In a second aspect, the present invention provides a detection and identification system for a malware abuse DoH, including:
an acquisition module: the method comprises the steps of obtaining a pcap flow packet in a network;
a cluster creation module: the method comprises the steps of establishing a cluster of packets after extracting time sequence features in a pcap flow packet;
a cluster sequence generation module: for generating a cluster sequence based on the clusters of all packets;
the characteristic set extraction module: extracting a final characteristic set in the cluster sequence;
a predictive tag output module: the system is used for inputting the final characteristic set into a Transformer model for calculation to obtain a prediction label;
a judging module: for malware abuse DoH traffic determination based on predictive tag type.

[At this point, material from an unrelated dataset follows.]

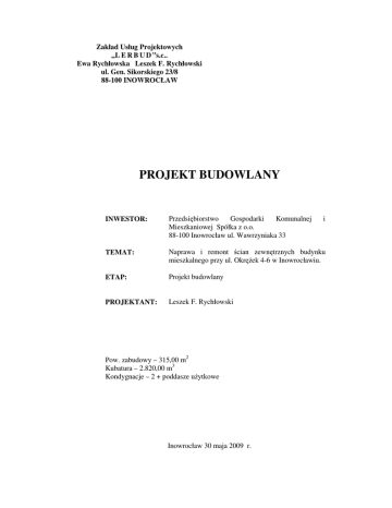 Zakład Usług Projektowych „L E R B U D ”s.c.. Ewa Rychłowska Leszek F. Rychłowski ul. Gen. Sikorskiego 23/8 88-100 INOWROCŁAW PROJEKT BUDOWLANY INWESTOR: Przedsiębiorstwo Gospodarki Komunalnej Mieszkaniowej Spółka z o.o. 88-100 Inowrocław ul. Wawrzyniaka 33 TEMAT: Naprawa i remont ścian zewnętrznych budynku mieszkalnego przy ul. Okrężek 4-6 w Inowrocławiu. ETAP: Projekt budowlany PROJEKTANT: Leszek F. Rychłowski Pow. zabudowy – 315,00 m2 Kubatura – 2.820,00 m3 Kondygnacje – 2 + poddasze użytkowe Inowrocław 30 maja 2009 r. i ZAWARTOŚĆ OPRACOWANIA 1. 2. 3. 4. Dane informacyjne. Plan sytuacyjny obiektu w skali 1 : 500. Inwentaryzacja fotograficzna. Opinia nr 60/09 Miejskiego Konserwatora Zabytków w Inowrocławiu z dnia 04.06.2009 r. 5. Opis istniejącego budynku. 6. Opis techniczny: • roboty remontowe i wzmacniające ścian zewnętrznych • docieplenie ścian zewnętrznych (od wewnątrz) • roboty zewnętrzne 7. Rysunki: Nr 1 Elewacja północna 1 : 100 Nr 1a Elementy remontu elewacji północnej 1 : 100 Nr 2 1 : 100 Elewacja południowa Nr 2 a Elementy remontu elewacji południowej 1 : 100 Nr 3 1 : 100 Elewacja wschodnia Nr 3 a Elementy remontu elewacji wschodniej 1 : 100 Nr 4 1 : 100 Elewacja zachodnia Nr 4 a Elementy remontu elewacji zachodniej 1 : 100 Nr 5 Rzut parteru i piętra 1 : 100 Nr 6 Schemat rozmieszczenia elementów drewnianych rusztu 1 : 50 8. Informacja BIOZ 9. Oświadczenie projektanta. 10. Kserokopia uprawnień budowlanych projektanta. 11. Kserokopia zaświadczenia o przynależności projektanta do Izby Inżynierów Budownictwa. 2 DANE INFORMACYJNE Zamawiający: Przedsiębiorstwo Gospodarki Komunalnej Mieszkaniowej Spółka z o.o. 88-100 Inowrocław ul. Wawrzyniaka 33 Zamówienie: Umowa z dnia 04 marca 2009 r. Podstawa opracowania: - oględziny budynku przeprowadzone w kwietniu i maju br. - ekspertyza techniczna ścian zewnętrznych opracowana przez rzeczoznawcę budowlanego mgr inż. Stefana Heise w m-cu grudniu 2008 r. - inwentaryzacja fotograficzna 3 i PLAN SYTUACYJNY 4 OPIS ISTNIEJĄCEGO BUDYNKU. Budynek mieszkalny, wolnostojący, 2 kondygnacyjny z poddaszem użytkowym, nie podpiwniczony. Budynek wykonany metodą tradycyjną CZĘŚĆ ZEWNĘTRZNA: Na wysokości cokołu – ściany murowane z cegły ceramicznej spoinowanej. Powyżej cokołu do okapu – ściany podłużne i szczytowe tzw. mur pruski. Wypełnienie szachulca stanowią ściany z cegły ceramicznej spoinowanej. Stropy międzykondygnacyjne drewniane belkowe ze ślepym pułapem. Więźba dachowa drewniana dwustolcowa z dachem czterospadowym krytym papą. Wymiary budynku: - długość – 34,45 m - szerokość – 8,60 ( 9,80) m - wysokość – 7,40 m - powierzchnia zabudowy – 315,00 m2 - kubatura – 2.820,00 m3 OPIS ISTNIEJĄCEJ KONSTRUKCJI: Budynek o podłużnym układzie ścian nośnych. Konstrukcja ścian nośnych szachulcowa z wypełnieniem cegłą ceramiczną – grub. 12 cm. Ściana cokołu z cegły ceramicznej spoinowanej – grub. 25 cm. Ściana zewnętrzna klatki schodowej z cegły ceramicznej – grub. 38 cm. Całość spoinowana. Więźba dachowa drewniana dwustolcowa. OPIS ŚCIANY ZEWNĘTRZNEJ: Szachulec ścian zewnętrznych składa się z elementów drewnianych takich jak: belki, słupy i zastrzały. Wypełnienie szkieletu stanowi cegła pełna ceramiczna grub. 12 cm. 5 Wymiar przekroju w jednej płaszczyźnie elementów ścian szachulcowych wynosi (w zależności od usytuowania w ścianie): - wymiary przy oknach – 12 cm - słupy – 17 cm - belki – 16 i 17 cm - zastrzały 17 i 17 cm - podwaliny – 16 cm Dokonana lustracja wykazała stan elementów konstrukcji nośnej (elementu drewniane) jako średni i po dokonaniu robót wzmacniających i remontowych stan elementów budynku znacznie się poprawi. Całkowita grubość ścian łącznie z tynkiem wynosi 20 cm. (patrz szczegół na rys. nr 5). Cegła – 12 cm Pustka powietrzna – 3 cm Deski – 2 cm Tynk na trzcinie – 3 cm OPIS ISTNIEJĄCEJ ARCHITEKTURY Fakturę zewnętrzną stanowi cegła ceramiczna spoinowana oraz szachulec wypełniony elementami drewnianymi w formie słupa, belki i zastrzału. Elementy drewniane malowane w kolorze czarnym – wypłowiałe. Stolarka okienna drewniana z przewagą z PCV, drzwiowa drewniana. Rynny i rury spustowe z blachy ocynkowanej. Piony kanalizacyjne instalacji wewnętrznej usytuowane są na zewnątrz. Od strony północnej wejścia do budynku stanowią schody betonowe z obudową ściankami murowanymi z cegły i częściowo otynkowane. Wokół budynku ułożona opaska betonowa. Dach drewniany czterospadowy kryty papą. 6 OPIS TECHNICZNY ROBOTY REMONTOWE I WZMACNIAJĄCE ŚCIAN ZEWNĘTRZNYCH Przed przystąpieniem do remontu ścian należy usunąć wszelkie nieszczelności pionów kanalizacji sanitarnej i zdemontować rury spustowe. Naprawić należy również nieszczelne pokrycie dachowe. A. ELEMENTY DREWNIANE 1. Elementy drewniane, które wykazują wyraźne objawy uszkodzenia należy sprawdzić pod kątem zakresu i stopnia występującego uszkodzenia. W tym celu należy usnąć z ich powierzchni zewnętrznej spróchniałą warstwę drewna aż do zdrowego materiału. Jeśli ścięcie elementu nie przekroczy 1/5 grubości można uznać, że nadaje się do naprawy. W przeciwnym razie element kwalifikuje się do wymiany: zniszczony element należy wyciąć i zastąpić nowym. 2. Wymiany lub wzmocnienia – rys. nr 1a, 2a, 3a i 4a Słupy narożne – doprowadzić słupy do pionu lub wymienić. Zastrzały – wyciąć elementy spróchniałe i zastąpić nowym drewnem – rys. nr 1a i 3a Słupy środkowe – wyciąć końcówki zniszczone i zastąpić nowym drewnem – rys. nr 1a i 2a. Belka podwalinowa – wyciąć element zniszczony i zastąpić nowym drewnem – rys 1a, 2a i 3a 3. Flekowanie powierzchni drewna – rys. nr 1a, 2a, 3a i 4a Odcinki z pęknięciem pionowym o szerokości rozwarcia ponad 3 mm naprawić przy użyciu desek, listew, względnie klocków łączonych

In a third aspect, a device for detecting and identifying malicious software abuse (DoH) comprises a processor and a storage medium;
the storage medium is used for storing instructions;
the processor is configured to operate in accordance with the instructions to perform the steps of the method according to any of the above.
In a fourth aspect, a computer-readable storage medium has stored thereon a computer program which, when executed by a processor, performs the steps of any of the methods described above.

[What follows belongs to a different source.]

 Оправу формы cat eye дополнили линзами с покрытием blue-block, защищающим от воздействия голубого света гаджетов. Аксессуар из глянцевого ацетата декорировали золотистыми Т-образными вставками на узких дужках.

Compared with the prior art, the invention has the following beneficial effects:
according to the method, whether the DoH flow in the network environment is malicious DoH abused by malicious software is detected by capturing the pcap flow packet in real time, time sequence features are extracted from the DoH flow packet, then a Transformer self-attention mechanism is adopted, modeling is carried out completely depending on the overall dependency relationship of the attention mechanism on input and output, more relevant time features in the sequence are mined through a multi-head attention mechanism, overall analysis is reduced, and therefore the accuracy of the model on the DoH flow detection under the malicious software is improved, and the classification effect of the model is improved.
Drawings
Fig. 1 is a schematic diagram illustrating a detection and identification process of a malware abuse DoH according to an embodiment of the present invention.
Detailed Description
The invention is further described below with reference to the accompanying drawings. The following examples are only for illustrating the technical solutions of the present invention more clearly, and the protection scope of the present invention is not limited thereby.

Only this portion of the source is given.